WHAT TO DO:
Figure out how many lines of the material below contain the word "this". Answer with the number only.
##### PROVIDED DATA #####
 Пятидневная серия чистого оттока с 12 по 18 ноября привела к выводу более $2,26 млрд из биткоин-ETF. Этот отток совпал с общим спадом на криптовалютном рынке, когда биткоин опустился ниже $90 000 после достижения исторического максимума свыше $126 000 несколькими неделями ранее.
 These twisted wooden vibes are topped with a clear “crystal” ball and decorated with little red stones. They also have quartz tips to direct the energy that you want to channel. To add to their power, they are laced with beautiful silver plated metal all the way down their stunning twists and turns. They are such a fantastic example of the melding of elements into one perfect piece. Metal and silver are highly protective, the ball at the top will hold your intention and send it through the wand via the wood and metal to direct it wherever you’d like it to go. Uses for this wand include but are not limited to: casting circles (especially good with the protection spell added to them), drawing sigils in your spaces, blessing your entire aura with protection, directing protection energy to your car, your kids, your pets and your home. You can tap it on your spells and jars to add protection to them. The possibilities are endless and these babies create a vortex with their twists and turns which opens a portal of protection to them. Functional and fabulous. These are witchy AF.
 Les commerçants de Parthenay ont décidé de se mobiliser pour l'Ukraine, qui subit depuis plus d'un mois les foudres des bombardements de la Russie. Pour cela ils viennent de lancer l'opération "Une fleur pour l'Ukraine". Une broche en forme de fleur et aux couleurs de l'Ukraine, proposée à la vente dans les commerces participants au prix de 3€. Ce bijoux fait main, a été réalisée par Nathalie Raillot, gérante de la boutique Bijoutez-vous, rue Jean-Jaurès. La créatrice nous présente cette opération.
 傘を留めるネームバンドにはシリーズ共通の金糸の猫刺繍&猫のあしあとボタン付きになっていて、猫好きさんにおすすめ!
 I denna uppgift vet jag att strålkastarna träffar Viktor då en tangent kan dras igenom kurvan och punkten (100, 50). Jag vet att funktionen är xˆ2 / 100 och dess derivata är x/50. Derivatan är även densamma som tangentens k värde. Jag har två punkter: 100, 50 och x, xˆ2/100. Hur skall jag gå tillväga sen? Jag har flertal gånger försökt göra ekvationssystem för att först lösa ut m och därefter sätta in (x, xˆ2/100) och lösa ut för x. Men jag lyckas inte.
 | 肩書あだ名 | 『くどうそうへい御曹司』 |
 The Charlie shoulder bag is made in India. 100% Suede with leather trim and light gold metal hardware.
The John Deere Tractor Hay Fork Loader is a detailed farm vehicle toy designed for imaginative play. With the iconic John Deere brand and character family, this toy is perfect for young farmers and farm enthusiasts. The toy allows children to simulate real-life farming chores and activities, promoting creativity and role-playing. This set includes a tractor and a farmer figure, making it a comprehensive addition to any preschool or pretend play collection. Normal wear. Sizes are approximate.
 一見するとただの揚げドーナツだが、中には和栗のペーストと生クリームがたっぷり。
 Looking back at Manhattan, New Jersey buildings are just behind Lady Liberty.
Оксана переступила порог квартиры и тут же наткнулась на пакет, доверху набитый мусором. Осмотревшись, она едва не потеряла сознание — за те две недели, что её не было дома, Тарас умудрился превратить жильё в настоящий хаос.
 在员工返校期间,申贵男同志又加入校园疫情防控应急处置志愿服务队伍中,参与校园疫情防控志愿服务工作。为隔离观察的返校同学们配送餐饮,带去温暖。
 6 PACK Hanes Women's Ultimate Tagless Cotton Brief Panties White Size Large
#####
EXERCISE RESULT:
2